Witecki wygrywa Grody

44. Szlakiem Grodów Piastowskich (08-10.05.2009, Pro Liga), etap 3., Głogów - Polkowice, 191.1km

Drukuj

Mariusz Witecki z ekipy Mróz Continental Team wygrał 44. edycję Wyścigu Szlakiem Grodów Piastowskich. Ostatni etap padł łupem Tomasza Smolenia (CCC Polsat), który na mecie w Polkowicach był najszybszy z peletonu.

Mariusz Witecki z ekipy Mróz Continental Team wygrał 44. edycję Wyścigu Szlakiem Grodów Piastowskich. Ostatni etap padł łupem Tomasza Smolenia (CCC Polsat), który na mecie w Polkowicach był najszybszy z peletonu.
Ostatni etap przebigał z Głogowa do Polkowic i liczył sobie 191 km, a na trasie usytuowanych był pięć premii górskich 2. kategorii. Od peletonu odłączyli się Łukasz Bodnar (CCC Polsat), Artur Detko (DHL - Author) i Robert Bartko (LKT Brandenburg) i Artur Król (Centri della Calzatura). Żaden z kolarzy nie był zagrożeniem dla czołówki klasyfikacji generalnej, więc udało im się odjechać od peletonu na trochę większy dystans.
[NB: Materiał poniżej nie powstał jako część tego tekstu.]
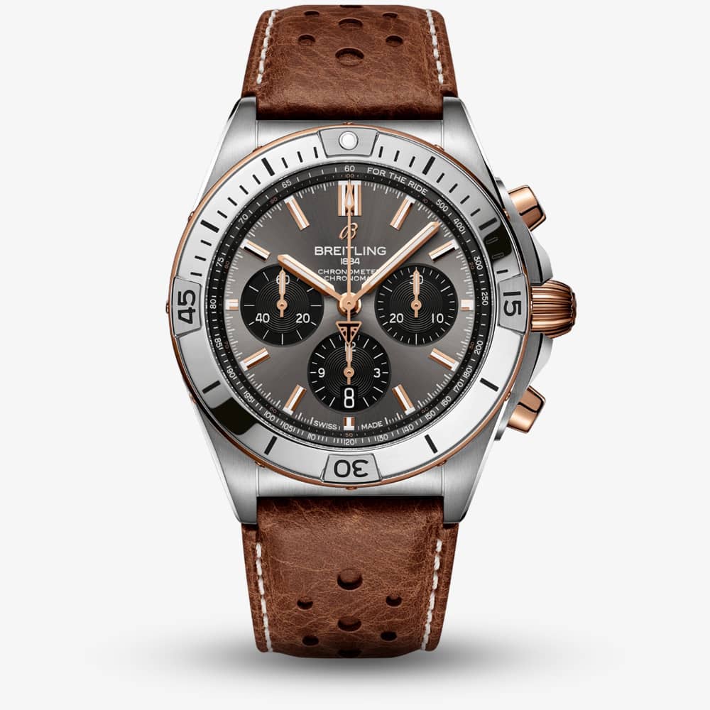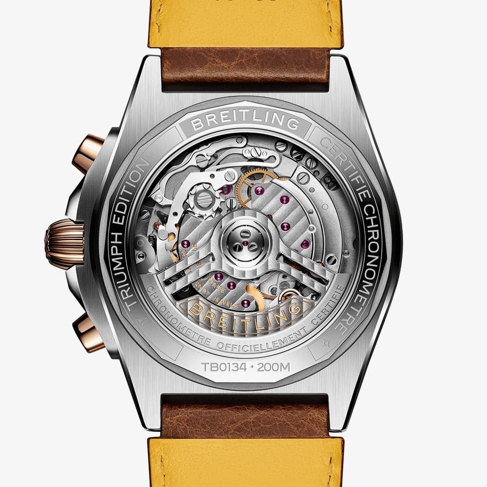 As stunning to look at as it is exhilarating to wear, the Chronomat B01 42 Triumph is crafted with the highest specifications, featuring a titanium and 18k red gold frame. This premium quality is echoed in Triumph’s matching limited-run Speed Triple RR bike, with only 270 of these modern roadsters ever being made. Notable details include the discreet Triumph shield logo on the watch’s central chronograph hand counterweight, the “Triumph Edition” engraving on the caseback, and the perforated calfskin leather strap, all mirroring the bike’s detailing.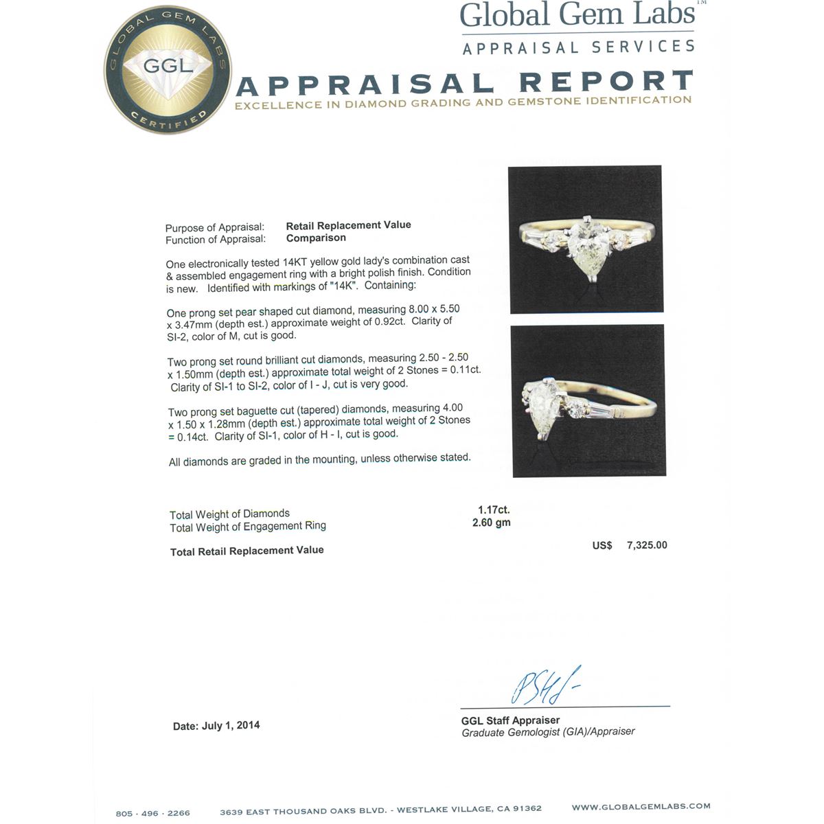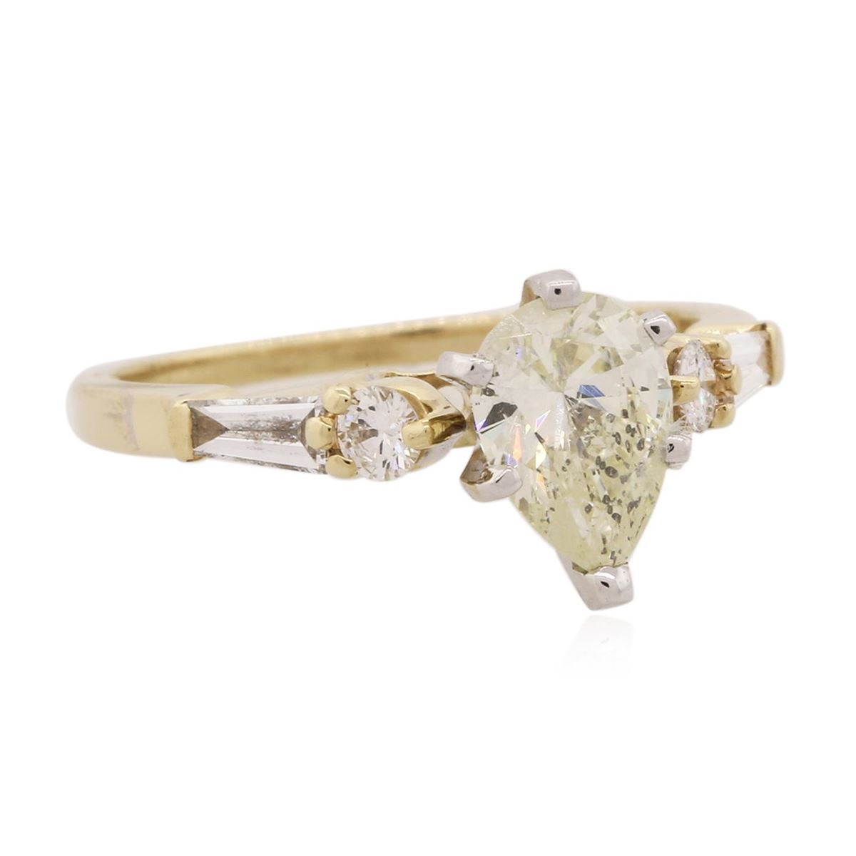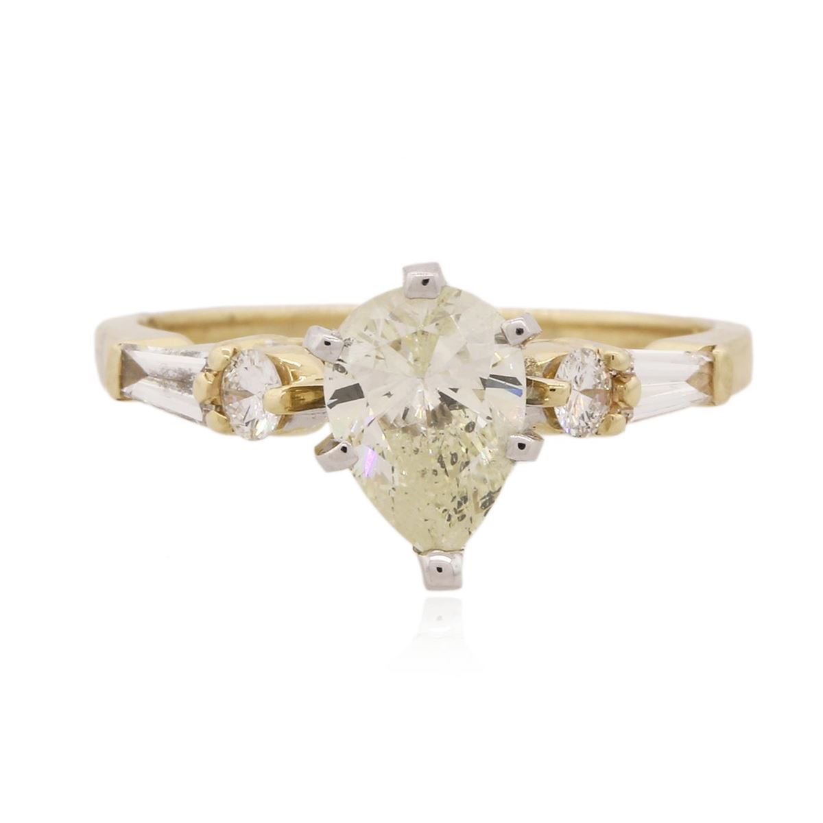 One electronically tested 14KT yellow gold Ladies combination cast & assembled engagement ring with a bright polish finish. Condition is new. Identified with markings of "14K". Containing: One prong set pear shaped cut diamond, measuring 8.00 x 5.50 x 3.47mm (depth est.) approximate weight of 0.92ct. Clarity: SI-2. Color: M, Cut is Good. Two prong set round brilliant cut diamonds, measuring 2.50 - 2.50 x 1.50mm (depth est.) approximate total weight of 2 Stones = 0.11ct. Clarity: SI-1 to SI-2. Color: I - J, Cut is Very Good. Two prong set baguette cut (tapered) diamonds, measuring 4.00 x 1.50 x 1.28mm (depth est.) approximate total weight of 2 Stones = 0.14ct. Clarity: SI-1. Color: H - I, Cut is Good. All diamonds are graded in the mounting, unless otherwise stated. Total Weight of Diamonds 1.17ct. Total Weight of Engagement Ring 2.60 grams. GGL Appraised at $7,325.00.

Po przejechaniu kolejnych 50 km ich przewaga wynosiła koło 5 minut, jednak peleton powoli zaczynał organizować pościg. W międzyczasie do prowadzących dołączyli Marcin Mrożek (Reprezentacja Polski) i Philiip Cortes (Amore&Vita McDonald's), jednak cała szóstka została wkrótce doścignięta przez peleton. Potem, przed lotnym finiszem w Polkowicach na 112km 11-osobowa grupa próbowała odjechać od peletonu, jednak zostali doścignięci.

Peleton razem przejechał kolejne kilometry, prowadzące już na rundach w Polkowicach. Zdarzały się co prawda próby ataków, jednak były one kasowane przez zasadniczą grupę. Na finiszu z peletonu zależało zwłaszcza ekipie CCC Polsat, która chciała wygrać właśnie w Polkowicach, skąd pochodzi główny sponsor drużyny Piotra Wadeckiego.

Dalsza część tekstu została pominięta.